Cyber-physical systems (CPSs) and the Internet of Things (IoT) are increasingly important technologies within all sectors of society. Information security of the systems, including confidentiality, integrity, and availability, is of utmost importance, and violations may have severe consequences, from harming humans to damage to property or the environment. This project addresses privacy and security-related problems from a physical-layer perspective, where conventional methods fail to detect security breaches and privacy invasions. The issues considered are challenging because of the distributed nature of CPS/IoT, the dynamic nature of attacks, and infrastructure constraints. Furthermore, the existing data security approaches neglect the additional information available at the physical layer, such as sensor redundancy, control laws, and physical processes. The project embraces a secure-by-design philosophy for designing CPS and IoT with security and privacy as an inherent aspect of the functionality without depending on additional mechanisms later in the design. This ensures that CPS and IoT function even when other security protocols fail and maintain operations under adversarial conditions.

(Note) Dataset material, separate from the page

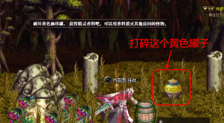 进入关卡后往右走第一个房间,能看到黄色的香料罐(屏幕中间有提示),打破后捡起精灵香料。

We have developed new privacy-preserving schemes; in particular, we have designed distributed machine-learning algorithms that feature new privacy metrics and privacy-by-design. In addition, we have extended our initial results on communication-efficient federated learning suitable for streaming data. In federated learning, the aggregator only receives model updates from a set of participants and has no visibility into the data used for the learning. Hence, malicious participants can perform model poisoning attacks to control the model predictions for select data points. In the last year, we have broadened our study of federated learning to include the effects and countermeasures of natural and artificial disturbances, e.g., channel noise, privacy leakage, and model poisoning. We have also initiated studies on the challenges of federated learning in medical applications.

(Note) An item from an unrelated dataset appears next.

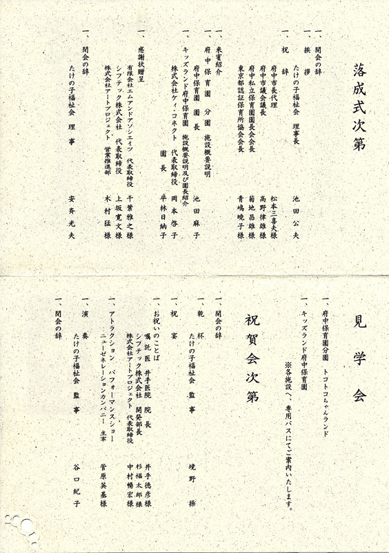 そして、祝賀会次第表です。

Technology innovation has the potential to introduce new technologies that could support people and society during these difficult times. Therefore, under the COPS project, we propose using drones as a companion to tackle current COVID-19 and future pandemics. The proposed COROID drone is based on crowdsourcing sensor data of the public's intelligent devices, which can correlate with the reading of the infrared cameras equipped on COROID drones.

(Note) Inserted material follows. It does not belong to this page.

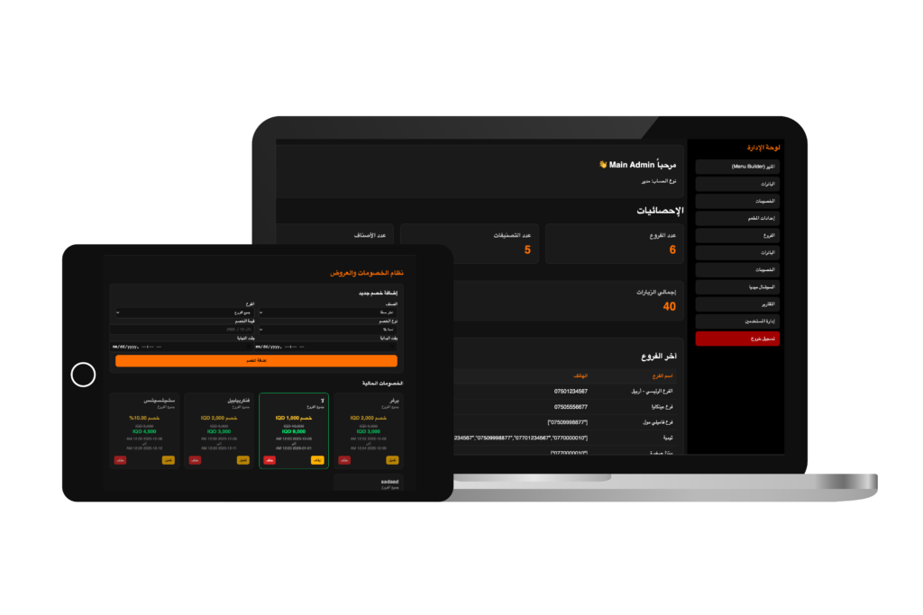 A detailed analytics dashboard provides insights into visits, most viewed items, branch performance, and customer behavior to support better decision-making.

Next, under the COPS project, we propose and investigate a bidirectional device-to-device (D2D) transmission scheme that exploits cooperative downlink non-orthogonal multiple access (NOMA) (termed BCD-NOMA). The BCD-NOMA model can support peer-to-peer content sharing, multiplayer gaming, social networking, and so on. The security and privacy of such applications are of great interest. Therefore, as a starting point, we study in detail the performance of the BCD-NOMA scheme. Unlike previous works, BCD-NOMA is designed for high ergodic capacity (EC) and high energy efficiency.
This medium-term time horizon research project develops advanced inference and optimization approaches to overcome challenges faced by future cyber physical systems/internet-of-things (CPS/IoT) and enable a sustainable and resilient digital society. The project addresses privacy and security related problems from a physical-layer perspective where traditional methods fail to detect security breaches and privacy invasions. The considered problems are particularly challenging due to the distributed nature of CPS/IoT, dynamic and non-stationary nature of attacks, and infrastructure constraints. The existing data security approaches ignore the additional information available at the physical layer such as sensor redundancy, control laws, and physical processes. Leveraging on the model knowledge and side information, the project adopts a secure-by-design philosophy for designing CPS and IoT with security and privacy as an inherent aspect of the functionality without solely depending on additional mechanisms at a later part of the design. Unlike the current approaches that assume security and privacy as an additional feature of the system, it is here consider to be a fundamental design constraint. This ensures that CPS and IoT function even when other security protocols fail and maintain operations under adversarial conditions. Finally, the project aims to strengthen the existing liaisons between academia and industry (NTNU and SINTEF), foster international scientific and education collaboration to educate and inform a new generation of scientists and engineers in the strategic area of IoT technologies. International co-operation with world-class research universities forms an important part of the project in the form of researcher exchange.